▶ Work request: Your answer must be the data repeated exactly, with no pictures in it.

Saved entries
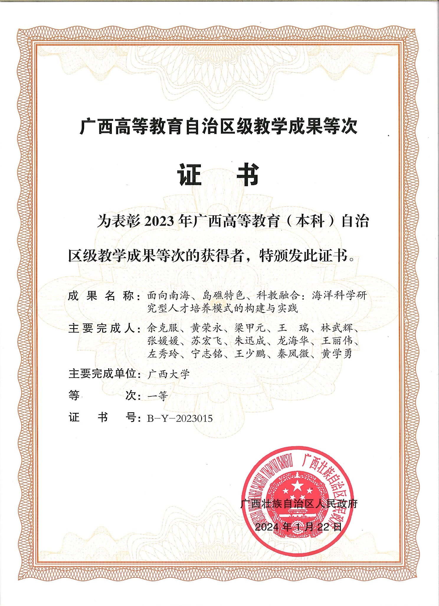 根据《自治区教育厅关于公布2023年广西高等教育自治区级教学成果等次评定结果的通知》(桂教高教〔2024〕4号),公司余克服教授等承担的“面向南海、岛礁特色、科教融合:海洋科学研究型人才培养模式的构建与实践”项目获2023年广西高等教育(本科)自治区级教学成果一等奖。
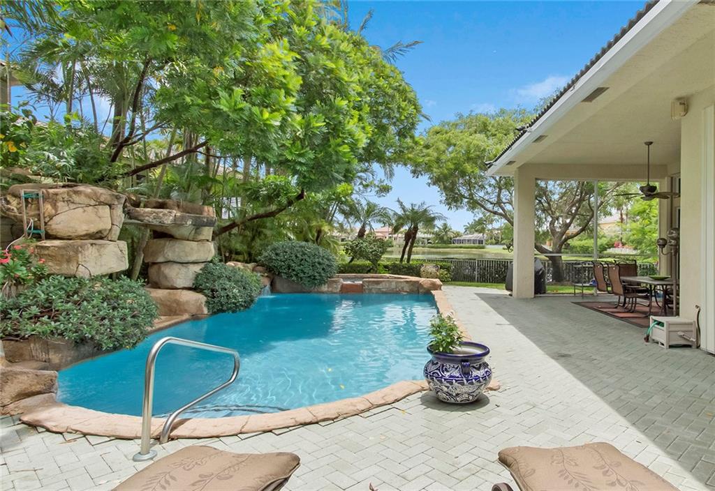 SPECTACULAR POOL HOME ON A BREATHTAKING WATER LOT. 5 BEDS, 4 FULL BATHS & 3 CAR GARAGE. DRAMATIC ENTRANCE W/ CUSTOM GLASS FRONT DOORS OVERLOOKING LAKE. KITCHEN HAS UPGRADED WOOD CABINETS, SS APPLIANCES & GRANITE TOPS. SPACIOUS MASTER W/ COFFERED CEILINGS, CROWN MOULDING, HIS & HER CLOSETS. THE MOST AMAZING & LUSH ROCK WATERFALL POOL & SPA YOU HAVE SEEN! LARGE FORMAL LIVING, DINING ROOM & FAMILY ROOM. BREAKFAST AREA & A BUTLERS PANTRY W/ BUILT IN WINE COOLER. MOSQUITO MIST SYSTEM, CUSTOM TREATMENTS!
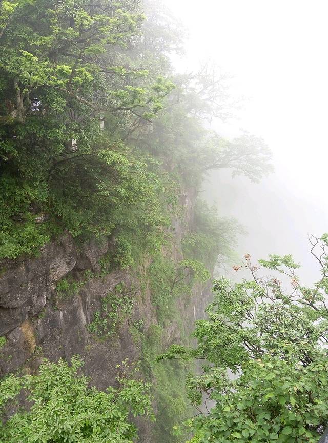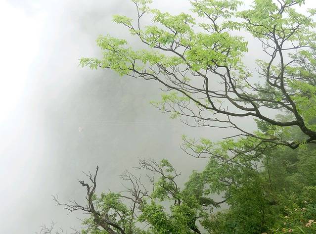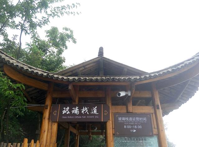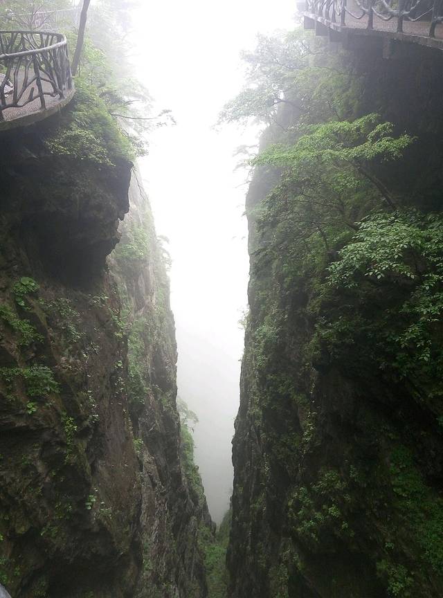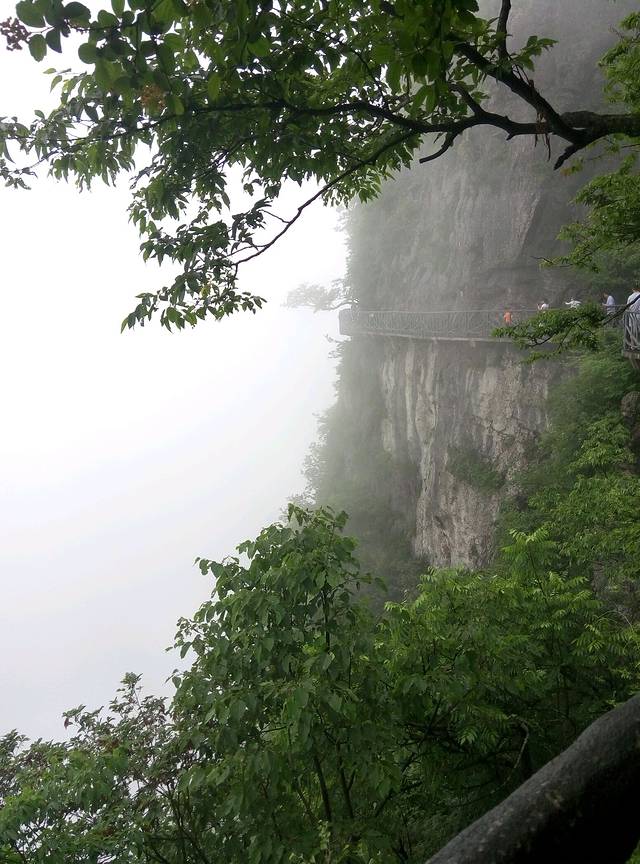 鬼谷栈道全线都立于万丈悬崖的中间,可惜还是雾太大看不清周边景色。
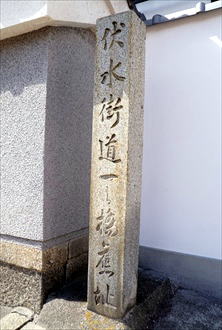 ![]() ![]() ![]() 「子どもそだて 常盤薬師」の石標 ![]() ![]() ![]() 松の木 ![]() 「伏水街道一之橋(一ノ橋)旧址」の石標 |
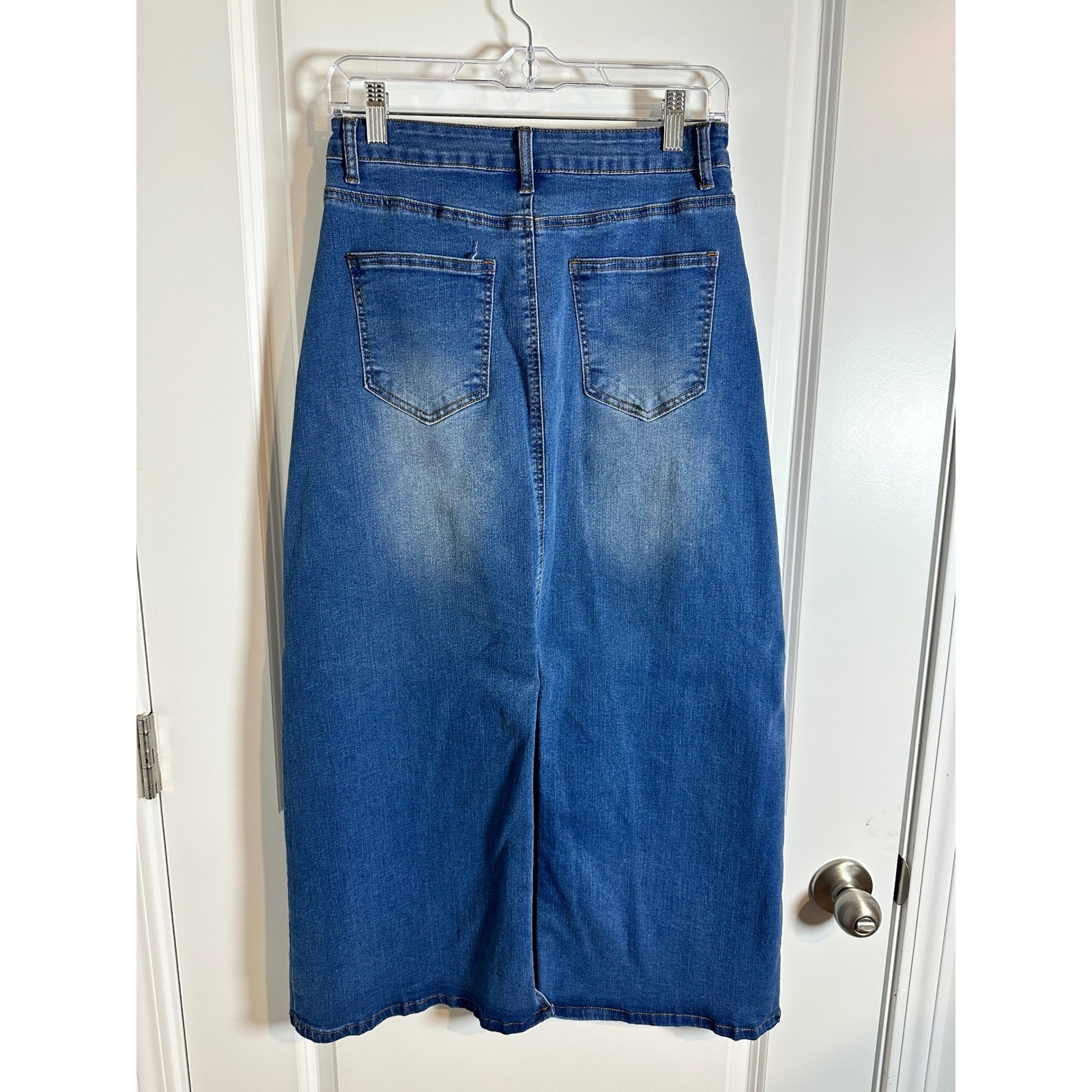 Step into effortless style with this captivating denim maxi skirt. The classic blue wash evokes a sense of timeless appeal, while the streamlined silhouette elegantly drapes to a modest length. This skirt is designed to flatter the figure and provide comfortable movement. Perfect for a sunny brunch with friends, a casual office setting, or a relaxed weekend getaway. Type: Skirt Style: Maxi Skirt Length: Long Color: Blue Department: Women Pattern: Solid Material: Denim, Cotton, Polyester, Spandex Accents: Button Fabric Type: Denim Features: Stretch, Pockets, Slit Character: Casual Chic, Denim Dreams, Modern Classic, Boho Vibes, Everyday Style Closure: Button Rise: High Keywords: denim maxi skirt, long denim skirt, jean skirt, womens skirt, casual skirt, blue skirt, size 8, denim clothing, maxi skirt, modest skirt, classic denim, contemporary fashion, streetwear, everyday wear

▶ Output for this exercise:
 根据《自治区教育厅关于公布2023年广西高等教育自治区级教学成果等次评定结果的通知》(桂教高教〔2024〕4号),公司余克服教授等承担的“面向南海、岛礁特色、科教融合:海洋科学研究型人才培养模式的构建与实践”项目获2023年广西高等教育(本科)自治区级教学成果一等奖。
 SPECTACULAR POOL HOME ON A BREATHTAKING WATER LOT. 5 BEDS, 4 FULL BATHS & 3 CAR GARAGE. DRAMATIC ENTRANCE W/ CUSTOM GLASS FRONT DOORS OVERLOOKING LAKE. KITCHEN HAS UPGRADED WOOD CABINETS, SS APPLIANCES & GRANITE TOPS. SPACIOUS MASTER W/ COFFERED CEILINGS, CROWN MOULDING, HIS & HER CLOSETS. THE MOST AMAZING & LUSH ROCK WATERFALL POOL & SPA YOU HAVE SEEN! LARGE FORMAL LIVING, DINING ROOM & FAMILY ROOM. BREAKFAST AREA & A BUTLERS PANTRY W/ BUILT IN WINE COOLER. MOSQUITO MIST SYSTEM, CUSTOM TREATMENTS!
 鬼谷栈道全线都立于万丈悬崖的中间,可惜还是雾太大看不清周边景色。
 ![]() ![]() ![]() 「子どもそだて 常盤薬師」の石標 ![]() ![]() ![]() 松の木 ![]() 「伏水街道一之橋(一ノ橋)旧址」の石標 |
 Step into effortless style with this captivating denim maxi skirt. The classic blue wash evokes a sense of timeless appeal, while the streamlined silhouette elegantly drapes to a modest length. This skirt is designed to flatter the figure and provide comfortable movement. Perfect for a sunny brunch with friends, a casual office setting, or a relaxed weekend getaway. Type: Skirt Style: Maxi Skirt Length: Long Color: Blue Department: Women Pattern: Solid Material: Denim, Cotton, Polyester, Spandex Accents: Button Fabric Type: Denim Features: Stretch, Pockets, Slit Character: Casual Chic, Denim Dreams, Modern Classic, Boho Vibes, Everyday Style Closure: Button Rise: High Keywords: denim maxi skirt, long denim skirt, jean skirt, womens skirt, casual skirt, blue skirt, size 8, denim clothing, maxi skirt, modest skirt, classic denim, contemporary fashion, streetwear, everyday wear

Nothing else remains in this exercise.